CREATE EXTENSION IF NOT EXISTS vector;

 * postgresql+psycopg2://postgres:***@pgvectordb.cluster-cnrh6fettief.us-east-1.rds.amazonaws.com:5432/
Done.


[]

In [19]:
%%sql

SELECT typname
FROM pg_type
WHERE typname = 'vector';

 * postgresql+psycopg2://postgres:***@pgvectordb.cluster-cnrh6fettief.us-east-1.rds.amazonaws.com:5432/
1 rows affected.


typname
vector


### Create Product Catalog table in PostgreSQL

In [20]:
%%sql

DROP INDEX IF EXISTS products_description_embeddings_idx;
DROP TABLE IF EXISTS products;

 * postgresql+psycopg2://postgres:***@pgvectordb.cluster-cnrh6fettief.us-east-1.rds.amazonaws.com:5432/
Done.
Done.


[]

In [21]:
%%sql

CREATE TABLE IF NOT EXISTS products(
    id bigserial primary key,
    description text,
    url text,
    split int,
    description_embeddings vector(384)
);

 * postgresql+psycopg2://postgres:***@pgvectordb.cluster-cnrh6fettief.us-east-1.rds.amazonaws.com:5432/
Done.


[]

In [22]:
%%sql

SELECT *
FROM pg_catalog.pg_tables
WHERE schemaname != 'pg_catalog' AND 
    schemaname != 'information_schema';

 * postgresql+psycopg2://postgres:***@pgvectordb.cluster-cnrh6fettief.us-east-1.rds.amazonaws.com:5432/
1 rows affected.


schemaname,tablename,tableowner,tablespace,hasindexes,hasrules,hastriggers,rowsecurity
public,products,postgres,,True,False,False,False


In [23]:
%%sql

SELECT 
   table_name, 
   column_name, 
   data_type 
FROM 
   information_schema.columns
WHERE 
   table_name = 'products';

 * postgresql+psycopg2://postgres:***@pgvectordb.cluster-cnrh6fettief.us-east-1.rds.amazonaws.com:5432/
5 rows affected.


table_name,column_name,data_type
products,id,bigint
products,split,integer
products,description_embeddings,USER-DEFINED
products,description,text
products,url,text


In [24]:
import psycopg2
from pgvector.psycopg2 import register_vector

db_conn = psycopg2.connect(host=db_host, user=db_username, password=db_password, port=db_port, connect_timeout=10)
db_conn.set_session(autocommit=True)

# register the vector type with your connection or cursor
register_vector(db_conn)

cursor = db_conn.cursor()

In [25]:
%%time
for e in data:
    cursor.execute("""INSERT INTO products
                      (description, url, split, description_embeddings) 
                  VALUES(%s, %s, %s, %s);""", 
                  (e.get('description', []), e['url'], e['split'], e['description_embeddings']))

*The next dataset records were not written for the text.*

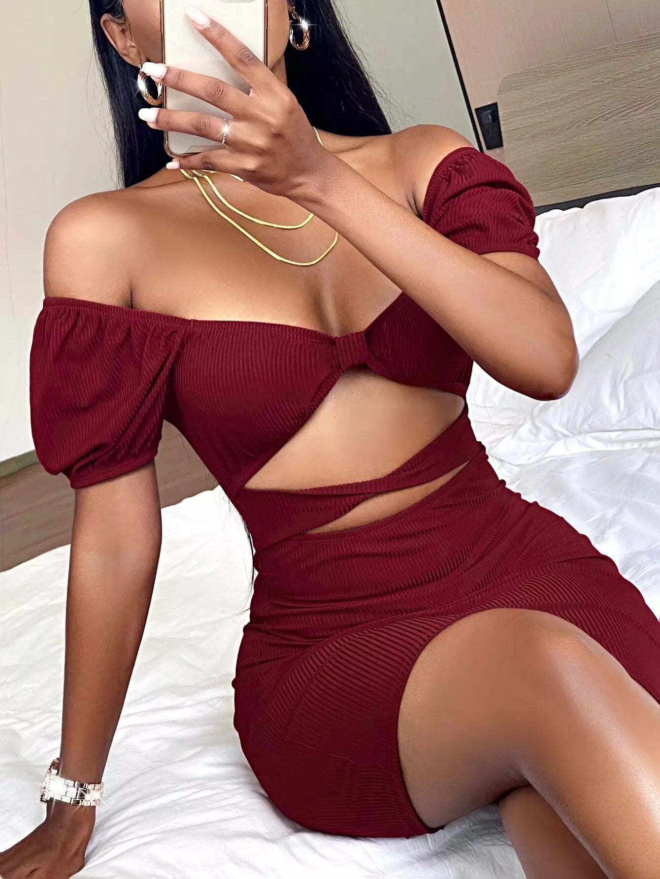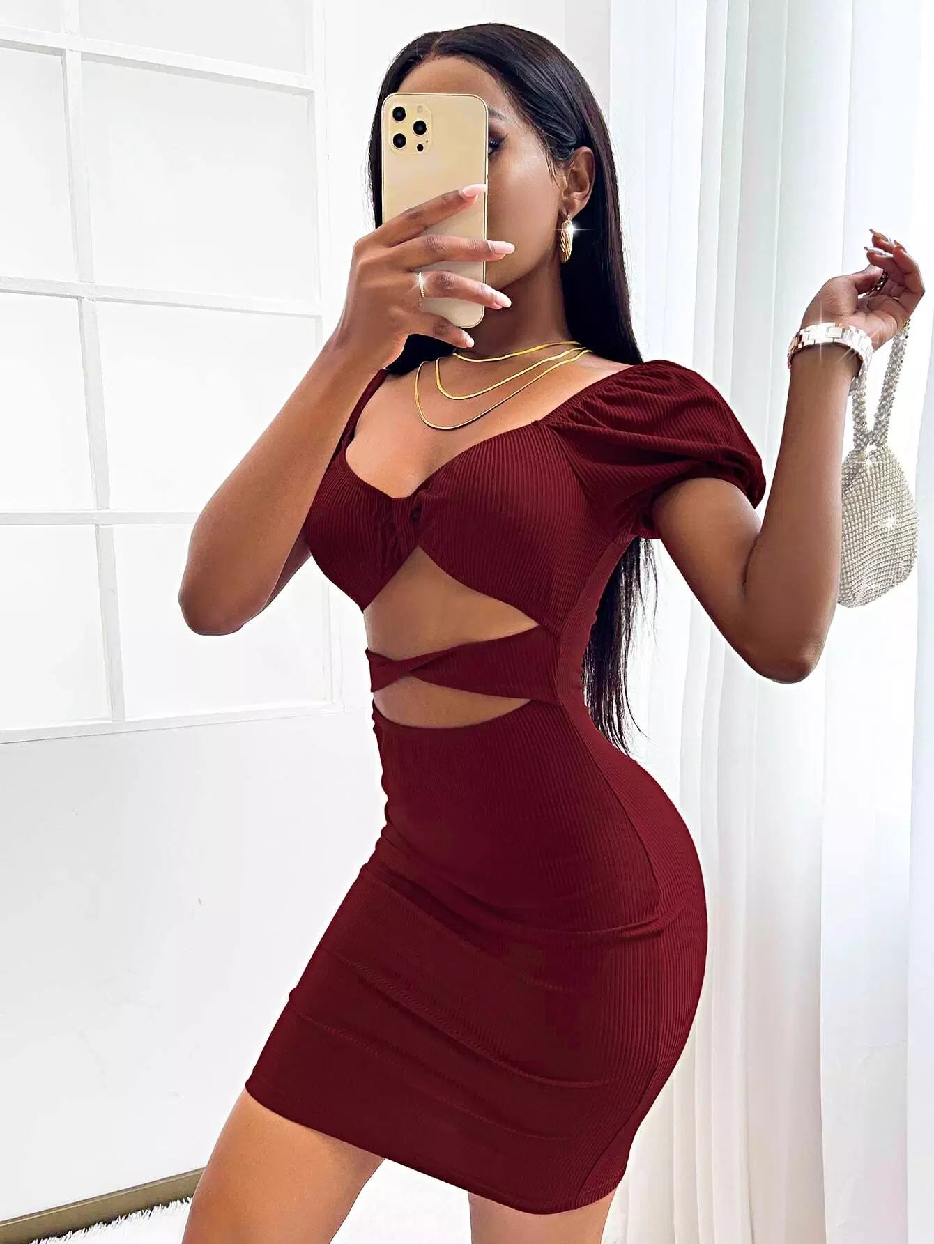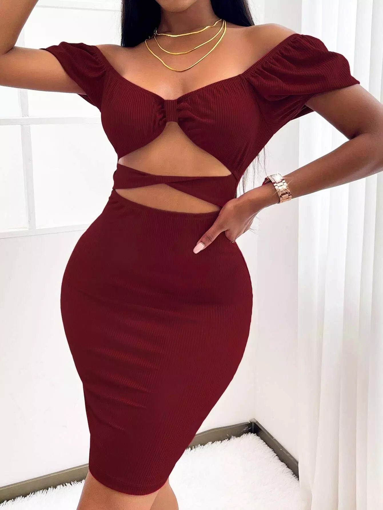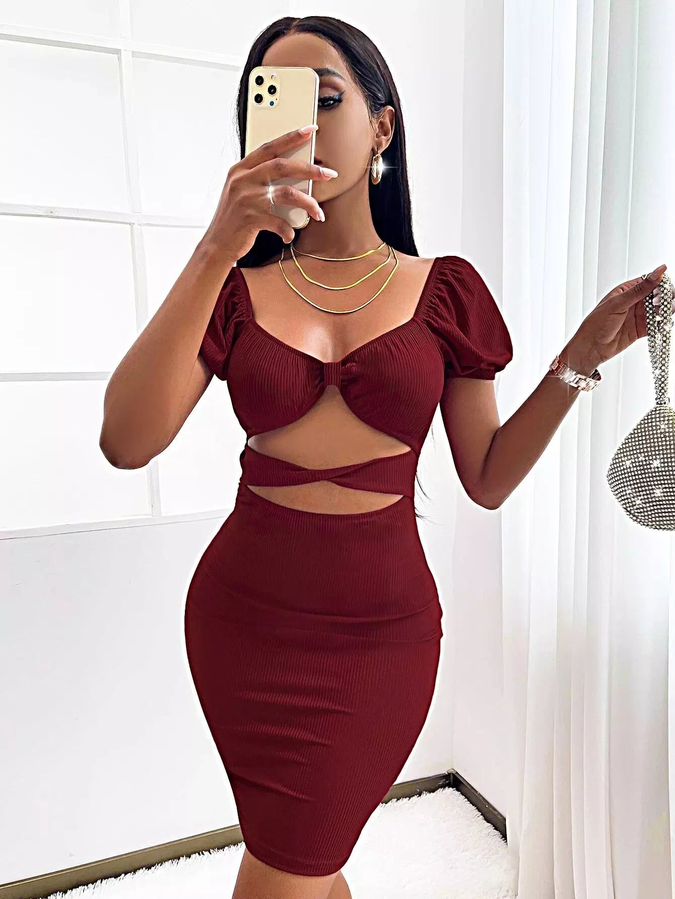 فستان بوديكون بأكمام منفوشة مقطوعة
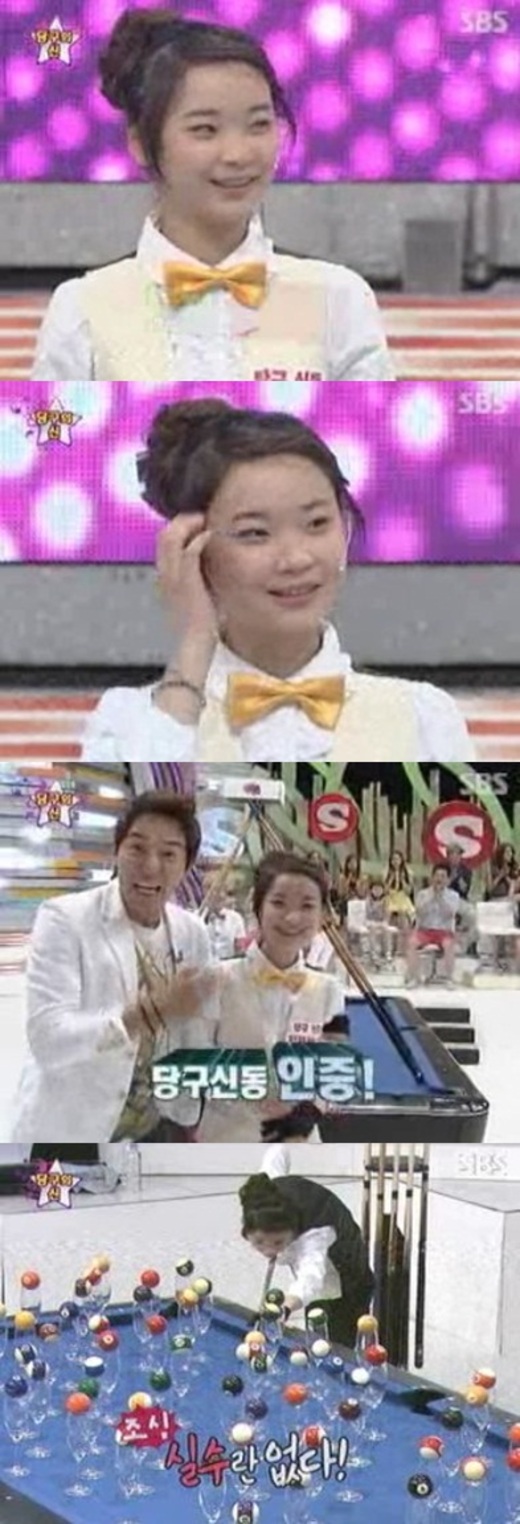 1일 오후 6시 30분 방송된 SBS '스타킹'에서는 '당구의 신' 60세 김종석씨와 '당구 신동' 13세 김보건 양이 출연해 서로의 당구 실력을 뽐냈다.
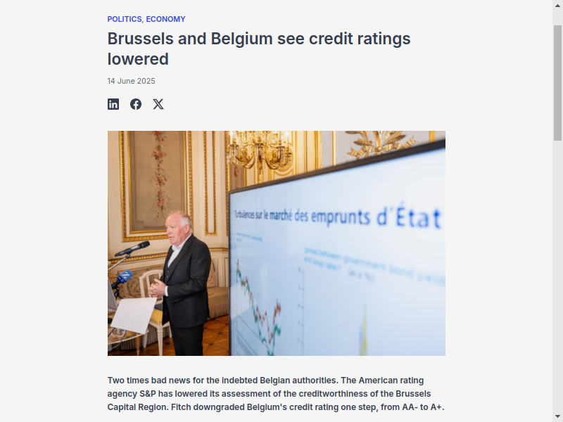 Belga news agency: Two times bad news for the indebted Belgian authorities. ... Fitch downgraded Belgium's credit rating one step, from AA- to A+. Zie nu als je een parasitair systeem vertrouwt+onderschrijft ipv vrije waarheid. Het systeem ... . Zie oudertweet en zijn reacties.
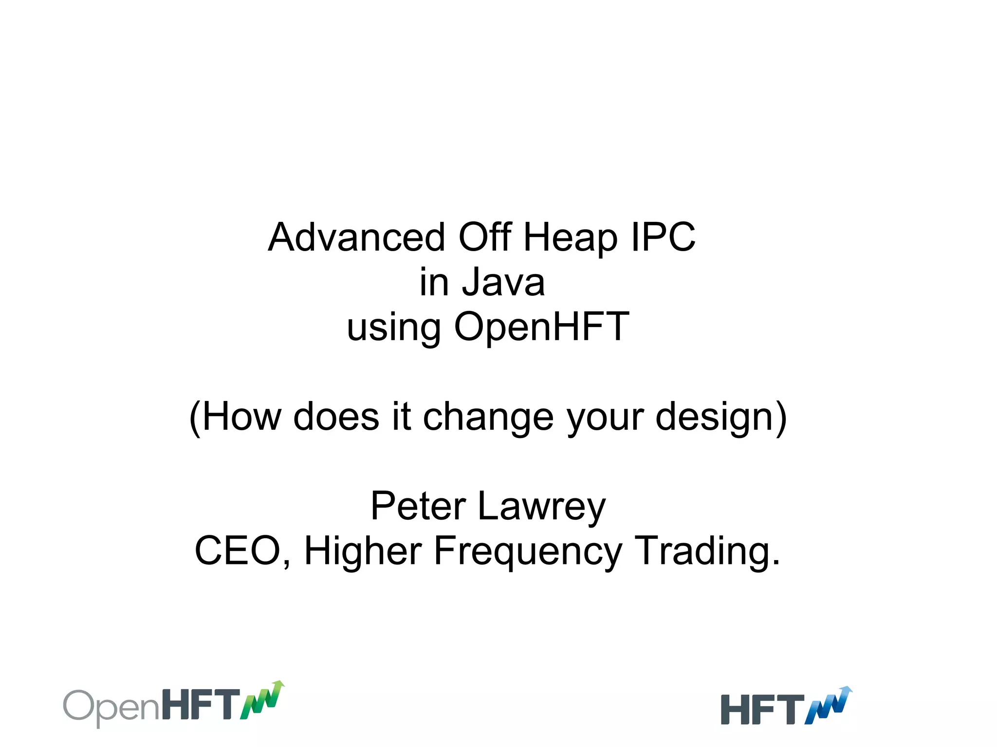 This document discusses advanced inter-process communication (IPC) techniques using off-heap memory in Java. It introduces OpenHFT, a company that develops low-latency software, and their open-source projects Chronicle and OpenHFT Collections that provide high-performance IPC and embedded data stores. It then discusses problems with on-heap memory and solutions using off-heap memory mapped files for sharing data across processes at microsecond latency levels and high throughput.
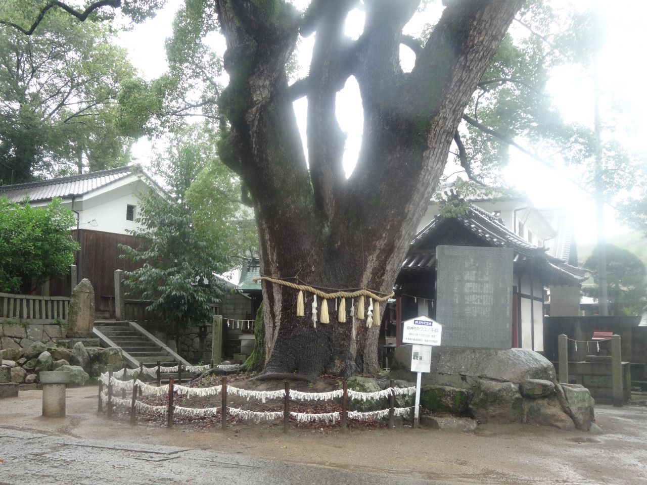 ロープウェイ山麓駅の乗場のところにある尾道で一番古い神社と言われている。境内にある樹齢900年の楠の巨木が有名で、映画「時をかける少女の中で、タイムスリップして、両親と出会うシーンがここで撮影された。他の映画にもよく使われるほど雰囲気のある神社である。ロープウェイに乗る前に覗いてみるのがよい。

CPU times: user 6.72 s, sys: 353 ms, total: 7.07 s
Wall time: 33.9 s


In [26]:
%%time
cursor.execute("""CREATE INDEX ON products 
               USING ivfflat (description_embeddings vector_l2_ops) WITH (lists = 100);""")

CPU times: user 2.45 ms, sys: 0 ns, total: 2.45 ms
Wall time: 1.45 s


In [27]:
%%time
cursor.execute("VACUUM ANALYZE products;")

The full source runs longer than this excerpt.